Get excited. I suffered a false alarm on Friday and am actually picking up Humperdink 2.0 tonight. After about 2 hours of recovering my old hard drive information from my external drive, I should be able to post again! Woohoo!


 I am picking up my computer today!  More posts to come very very soon.

Humperdink 2.0 lives!  Hooray!


Alas, Humperdink 2.0 is still being fixed.  So rather than scouring design blogs and cool online stores, I spent my evening tonight with Internet porn-addicted puppets.  Yes, I went to see "Avenue Q" which is currently playing at the Colonial Theater here in Boston.  It was awesome.  Even better than the hilarious songs ("My Life Sucks", "The Internet is for Porn" etc.) are the e-cards you can send via the Avenue Q website that have greetings like "My life sucks. How are you?" and "Thinking of you, but not in that way - I swear" and "We're all rooting for you . . . so don't f*&# it up".  Amazing. (Oh, and the set design was great too.)
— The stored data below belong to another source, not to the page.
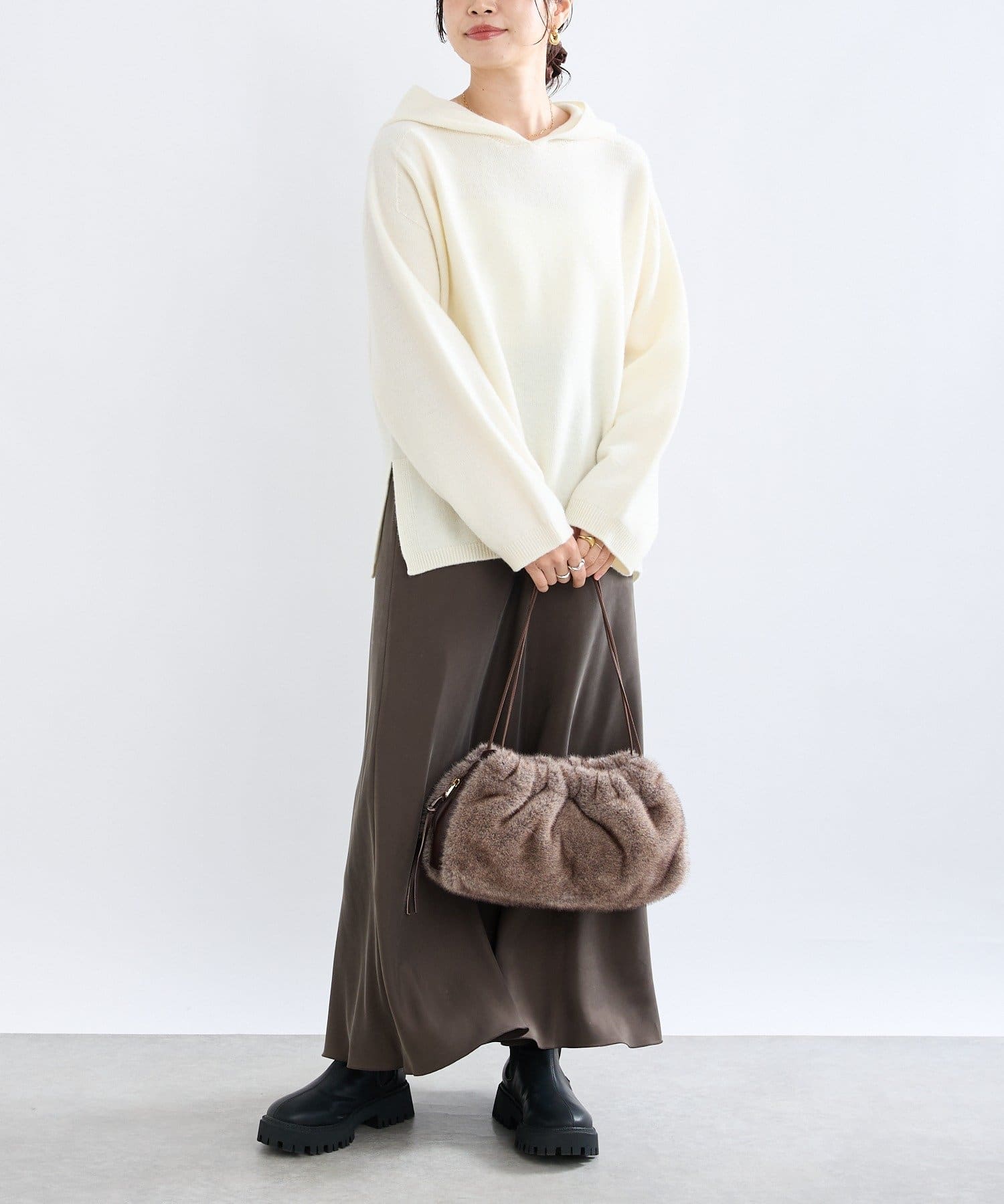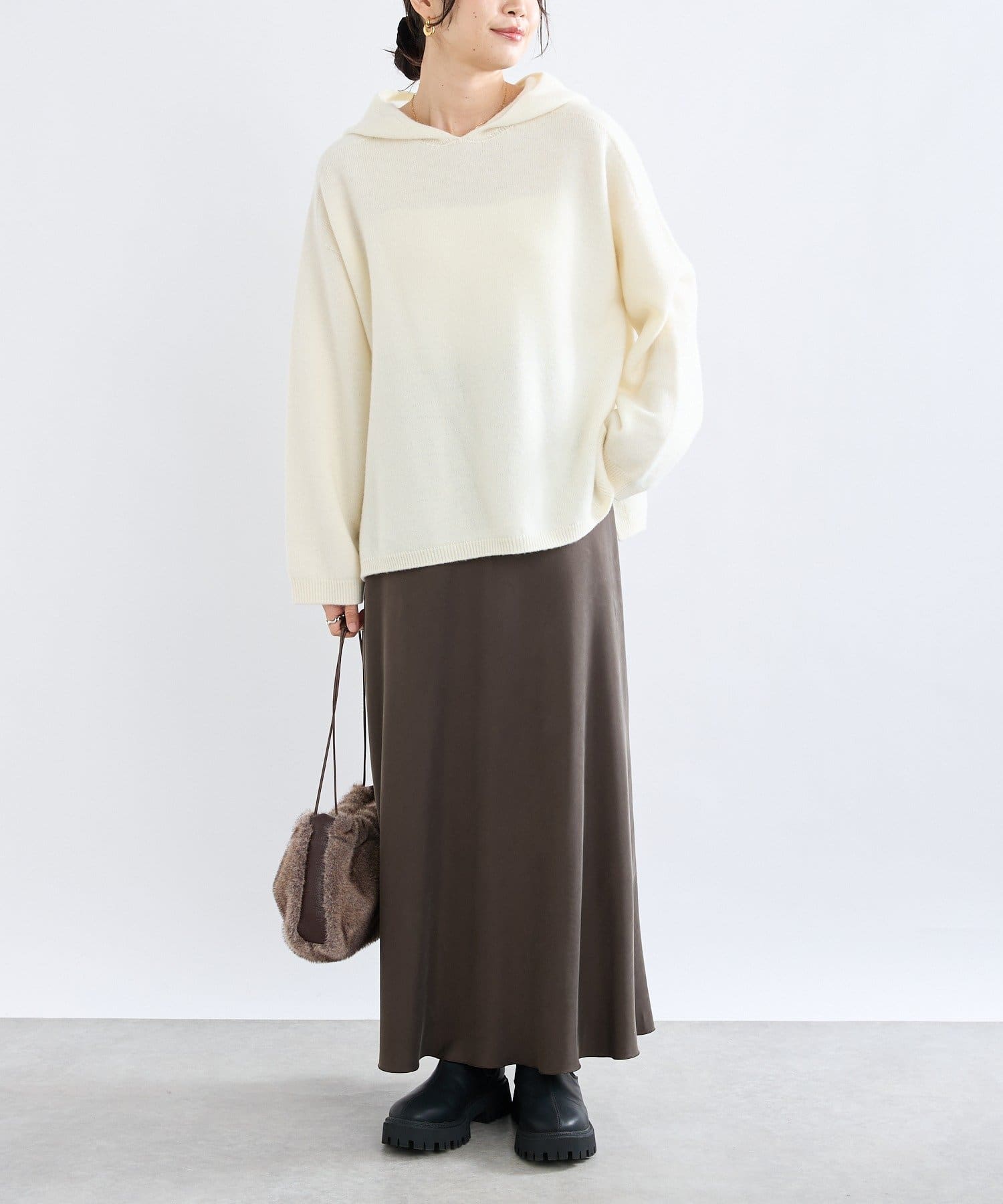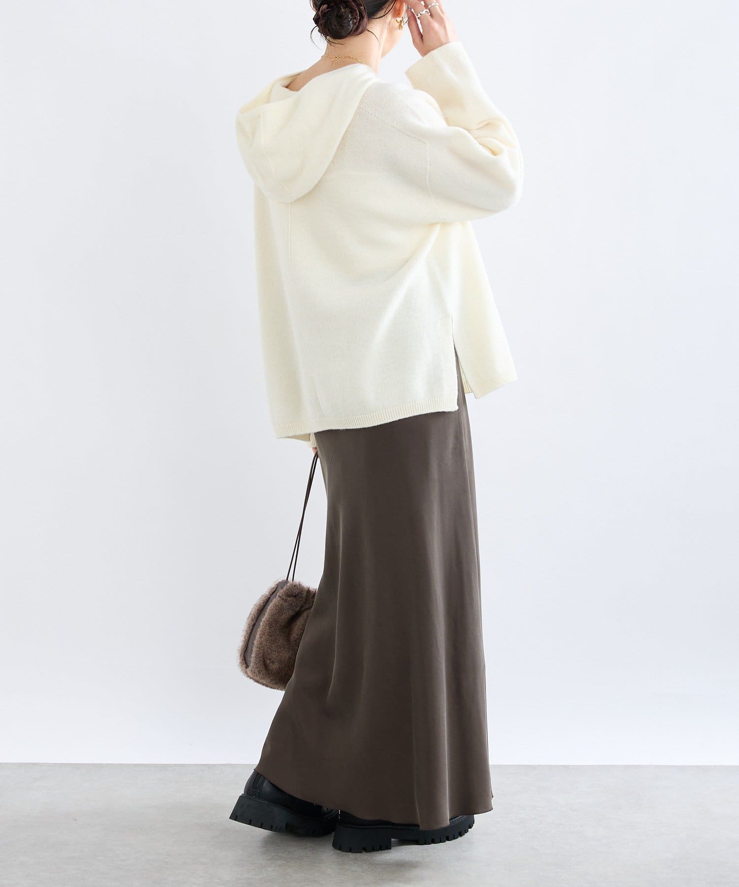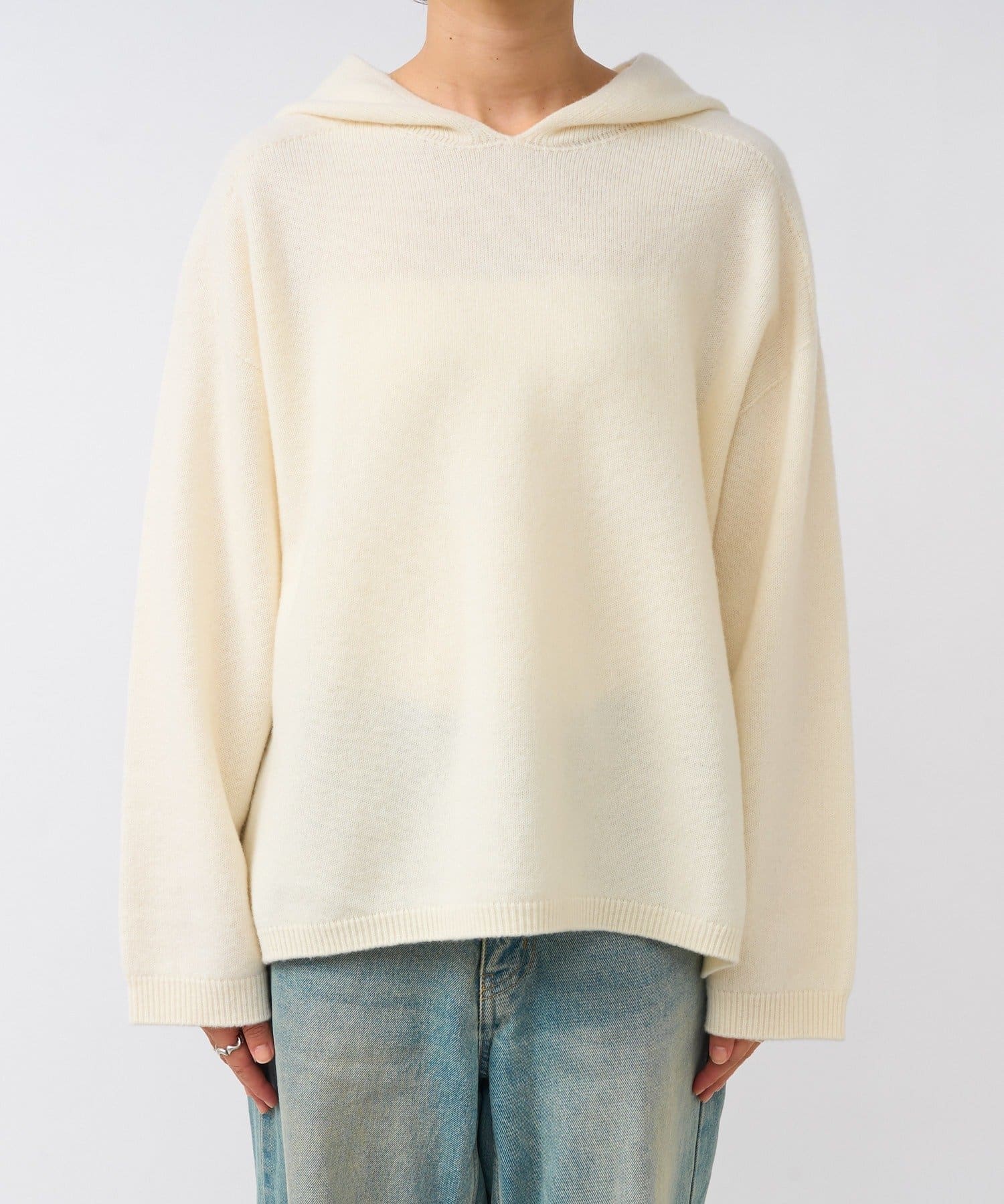 ・ホールガーメント編みで編み上げた立体的なフード付きプルオーバー。
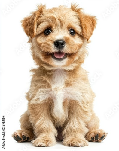 Beautiful happy reddish havanese puppy dog is sitting frontal , isolated on white background, , copy space for text,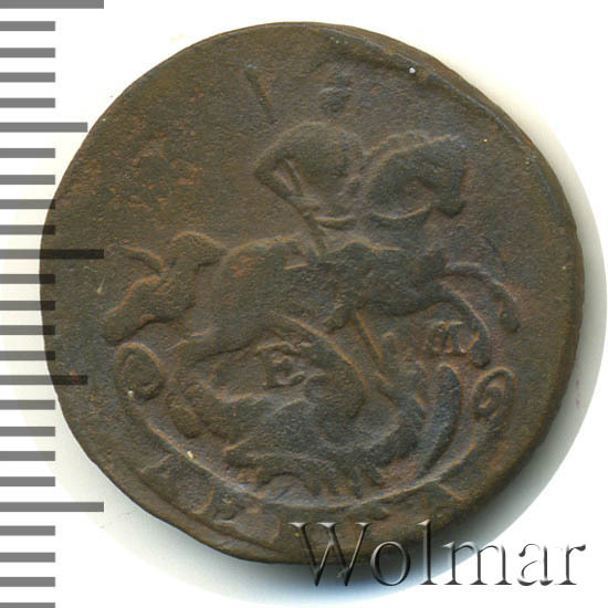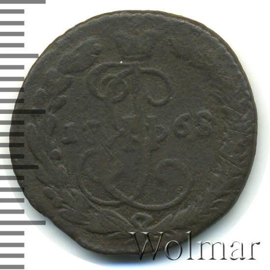 В центре изображён вензель Екатерины II. Над вензелем - императорская корона. По обеим сторонам от вензеля цифры даты выпуска монеты: слева «17», справа - «68» (1768 год). Вокруг центрального изображения, вдоль канта, изображён венок из лавровой и пальмовой ветвей, которые, в нижней части, перевязаны лентой на узел бантом.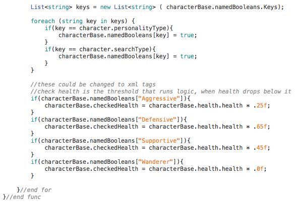 These strings are then called to switch the booleans on and off resulting in behavior unique to that character, such as search type and personality type (aggressive, defensive, etc). The Character Base Class is the core logic handler for our characters and is what brings life to our game.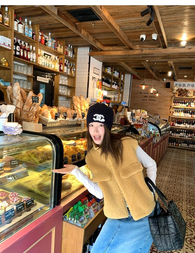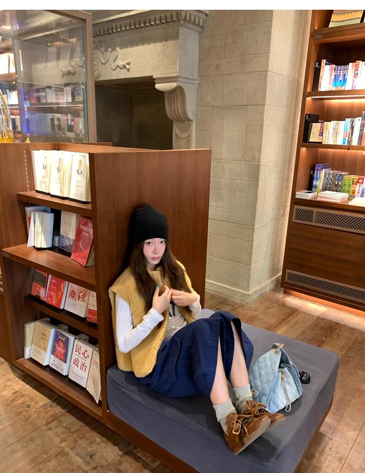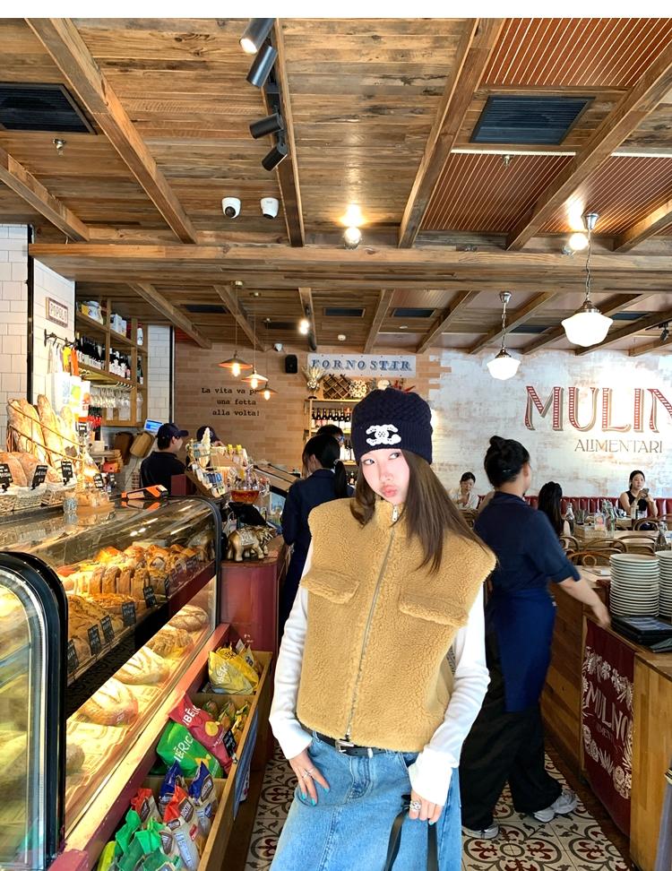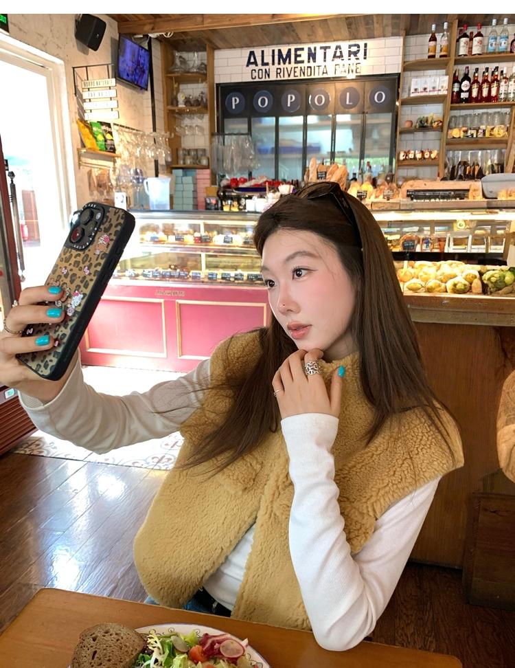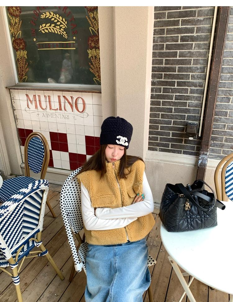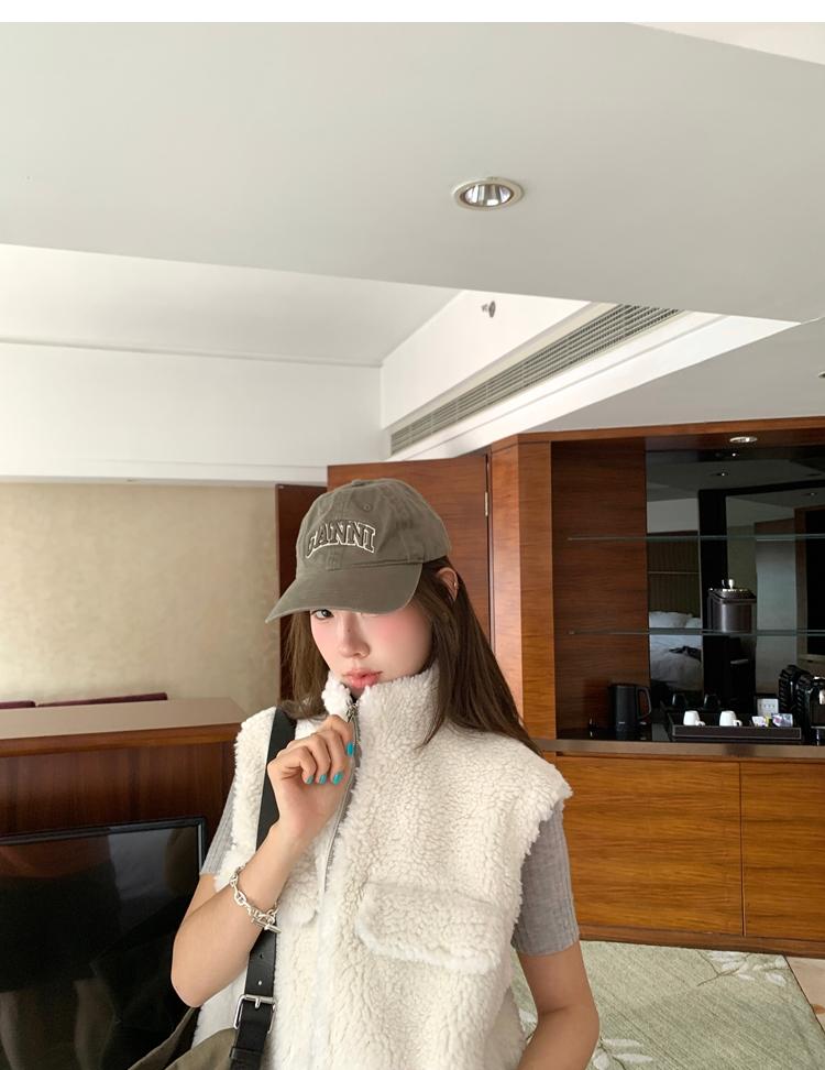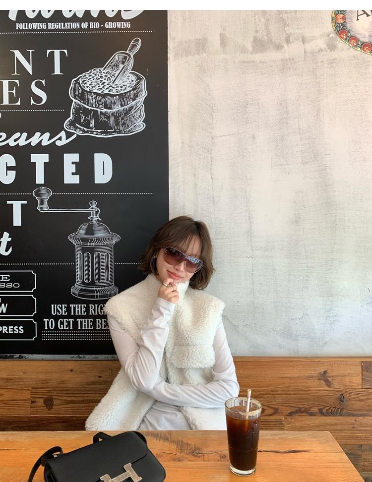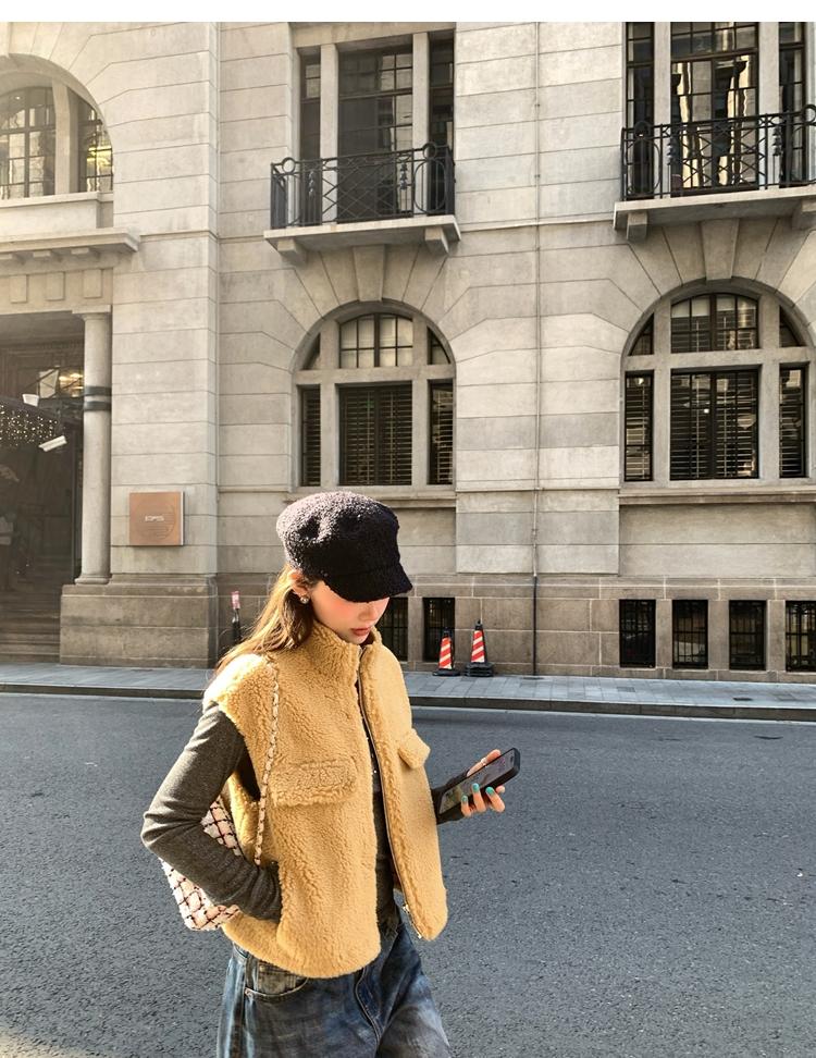 Milky Sheep Wool Sleeveless Zipper Lambswool Vest Jacket
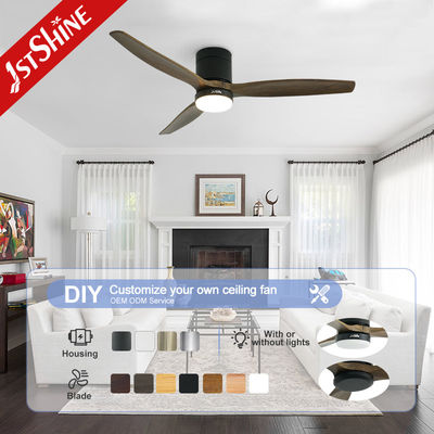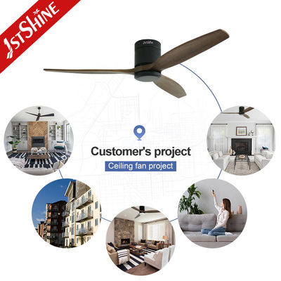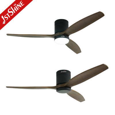 พัดลมเพดานแบบฝังเรียบขนาด 52 นิ้ว พร้อมใบพัดไม้ธรรมชาติ 3 ใบ และไฟ LED

Oops!  I almost forgot about Must Have Monday!  Thankfully I have found a computer to use for enough time to manage this recommendation: the folding cutting board available at the MOMA Store.  Designed by Mark Sanders in 1989, these cutting boards are made of sturdy polypropylene and feature sides which fold up to form a convenient chute.  Done chopping?  Just pop up the sides and slide your treats into a bowl or onto your plate.  It saves a lot of spilled food and is reasonably (for high design) priced between $16-$24.  Get cooking!


It's official! The hard-drive on my computer has died. Humperdink 2.0 is now the Tin Man of the electronics world: he has no heart! He is getting a new hard-drive (and a 60 GB upgrade!) over the next week, so posts will be sporadic until then. Let's all keep Humperdink 2.0 in our prayers.

A little treat, then, to tide you over until the next post: John Casey! John does very cool, though slightly frightening, drawings and sculptures of "fictitious human morphology", a concept which he discusses in a section of his website cheekily titled "excuses". Not only is his artwork cool, but he also writes a very cool blog called "If you can't make it good, make it big". In his blog he discusses a show featuring my favorite artist (and former professor) Barbara Takenaga! If he knows about Barbara he achieves automatic cool-dom. More about Barbara will have to come on another day. Until then, enjoy John . . . .

Above image: John Casey "expectations"


It seems that my computer is throwing a tantrum and will no longer turn on.  So, unfortunately, it might be a little while until my next post.  Try not to cry too much.  Be strong.  And pray for the speedy recovery of Humperdink 2.0.  Meanwhile I will try to keep him from the chocolate . . . 


Thanks to swissmiss I just discovered the amazing design and illustration portfolio of Adam Hayes.  While his website is a bit bare bones, all of his work is beautiful!  I particularly love the piece he made for the "if you could . . ." print series titled "with you again" (third from the top).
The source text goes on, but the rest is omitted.